**Work item**: Below is some data. Retype exactly the lines starting at the one with "Vaknade och gick" and ending at the one with "大家好,新编基础汉语·口语篇".
+++ Provided material
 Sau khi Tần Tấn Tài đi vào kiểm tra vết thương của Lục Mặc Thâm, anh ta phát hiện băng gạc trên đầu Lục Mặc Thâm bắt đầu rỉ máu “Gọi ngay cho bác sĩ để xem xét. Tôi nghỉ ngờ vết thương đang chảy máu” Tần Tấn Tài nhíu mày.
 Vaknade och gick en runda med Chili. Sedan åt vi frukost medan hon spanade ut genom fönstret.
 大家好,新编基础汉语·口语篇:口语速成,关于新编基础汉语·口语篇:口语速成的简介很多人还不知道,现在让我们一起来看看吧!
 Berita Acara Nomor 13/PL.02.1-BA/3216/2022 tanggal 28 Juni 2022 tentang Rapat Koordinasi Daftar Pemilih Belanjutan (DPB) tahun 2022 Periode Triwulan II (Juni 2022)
++++++
+++ Provided material
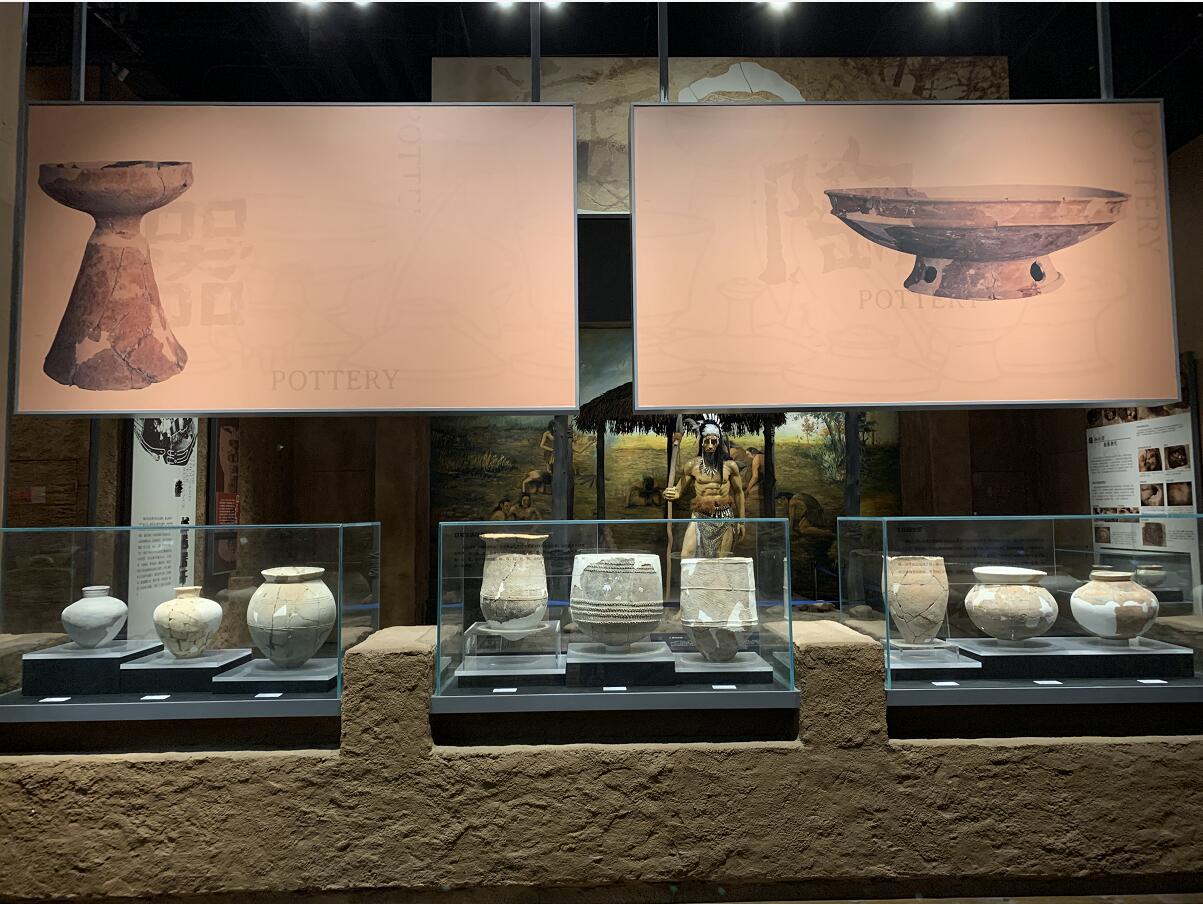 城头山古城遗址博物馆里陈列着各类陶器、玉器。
++++++
**Answer to the problem**:
 Vaknade och gick en runda med Chili. Sedan åt vi frukost medan hon spanade ut genom fönstret.
 大家好,新编基础汉语·口语篇:口语速成,关于新编基础汉语·口语篇:口语速成的简介很多人还不知道,现在让我们一起来看看吧!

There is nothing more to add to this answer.